School choice’s strange bedfellows
The move to educational freedom brings together some unlikely allies.
Shortly after the general election, American Federation of Teachers President Randi Weingarten was ecstatic. Writing in The New York Times, she insisted that there was a “realignment in the electorate.” She also claimed that “voters responded to a decade of disinvestment in public education and the Trump administration’s assault on public education and students.”
And then there is reality. While to be sure Democrats made gains in many places, absent the House of Representatives, Republicans are still in charge, controlling 30 state legislatures, while the Dems control just 18. There are 27 Republican governors and 23 Dems, and the GOP still controls the U.S. Senate 53-47.
As for the “assault on public education,” this is a blatant snipe at Secretary of Education Betsy DeVos, who has the temerity to want to give parents a greater choice as to where to send their kids to school. It’s true that Wisconsin governor and choice champion Scott Walker lost his bid for a third term to Tony Evers, a man who will try to strip vouchers from nearly 30,000 Milwaukee families that use them to attend private schools. But as president of the American Federation for Children John Schilling writes in National Review, choice did very well at the ballot box across the nation. His organization participated in 377 state races to support pro–school choice candidates in 12 states, and won 77 percent of them. He adds that there are now pro-school choice governors and state legislatures in most states in the country.
Perhaps the most dramatic victory for educational freedom was in Florida, where Republican pro-choice candidate Ron DeSantis defeated Andrew Gillum who, if elected, would have tried to eliminate Florida’s wildly popular tax credit scholarship program. It was a very close race, and as The James Madison Institute’s William Mattox writes, about 100,000 African-American women unexpectedly chose DeSantis over the black Democratic candidate. In a close election, “school choice moms” apparently gave the Republican the victory.
The Gillum loss stunned many pundits, but it should not have. The Florida program, which focuses on high-needs students, has a 90 percent parent-approval rating and saves taxpayers money. And choice’s popularity is gaining elsewhere. The most recent Education Next national survey shows that 54 percent of those polled support “wider choice” for public-school parents by “allowing them to enroll their children in private schools instead, with government helping to pay the tuition.” That’s a 9 percent increase over last year.
Clearly Democrats are split on this issue. While some are pro-choice and in favor of other reforms reviled by the teachers unions, most still toe the union line despite the fact that the many poor and minorities in their constituency are at odds with NEA/AFT’s adamant commitment to the status quo.
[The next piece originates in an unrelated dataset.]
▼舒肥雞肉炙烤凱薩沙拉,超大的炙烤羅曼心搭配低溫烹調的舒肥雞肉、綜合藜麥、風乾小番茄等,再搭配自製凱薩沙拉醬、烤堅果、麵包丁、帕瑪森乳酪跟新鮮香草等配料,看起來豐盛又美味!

Liberal Democrat Connecticut Governor Dannell Malloy recently stated, “Democrats who on other issues would stand strong against any discrimination, against any disparate outcomes, found that supporting their local teachers or their local board of education was an acceptable excuse to accept (sic) what we know is not tolerable, that poor children and black children and brown children do not get the education or the opportunities they deserve. He added that progressive reformers need to hold Democrats accountable when they become “weak-kneed” and “fold to teachers.”
And now liberal TV host Roland Martin, whom no one will confuse with Ronald Reagan, has mounted a 10-city tour in conjunction with The 74, a non-partisan education news site. They are launching “School Choice Is the Black Choice” whose purpose is to “engage black families on issues of educational equity, student achievement, and parent involvement.”
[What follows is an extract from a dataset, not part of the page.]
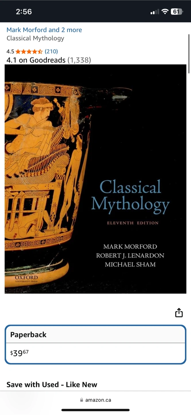 This is the Eleventh Edition of Classical Mythology by Mark Morford, Robert J. Lenardon, and Michael Sham. It covers the myths and legends of Greece and Rome. A comprehensive, classic text that brings to life the myths and legends of Greece and Rome for classical mythology.

Recently on Fox Business Network, Betsy DeVos ripped into the teachers unions, charging that they have a stranglehold “on many of the politicians in this country, both at the federal level and at the state level, and they are very resistant to the kind of changes that need to happen.”
While her statement is like saying that water is wet, Randi Weingarten went into harrumph-overdrive and fumed, “We are fighting for the safe and welcoming public schools that kids deserve, health care protections so people aren’t one pre-existing condition away from bankruptcy, affordable college without life-burdening student debt, and decent wages. Since she is against all of that, Betsy is attacking the unions that create a voice for teachers to advocate on these issues.”
Blah. Blah. Blah.
With the likes of Betsy DeVos and Roland Martin making common cause, Weingarten’s prattle will have less and less heft. And the children of America who are stuck in failing schools are rejoicing.
Larry Sand, a former classroom teacher, is the president of the non-profit California Teachers Empowerment Network – a non-partisan, non-political group dedicated to providing teachers and the general public with reliable and balanced information about professional affiliations and positions on educational issues. The views presented here are strictly his own.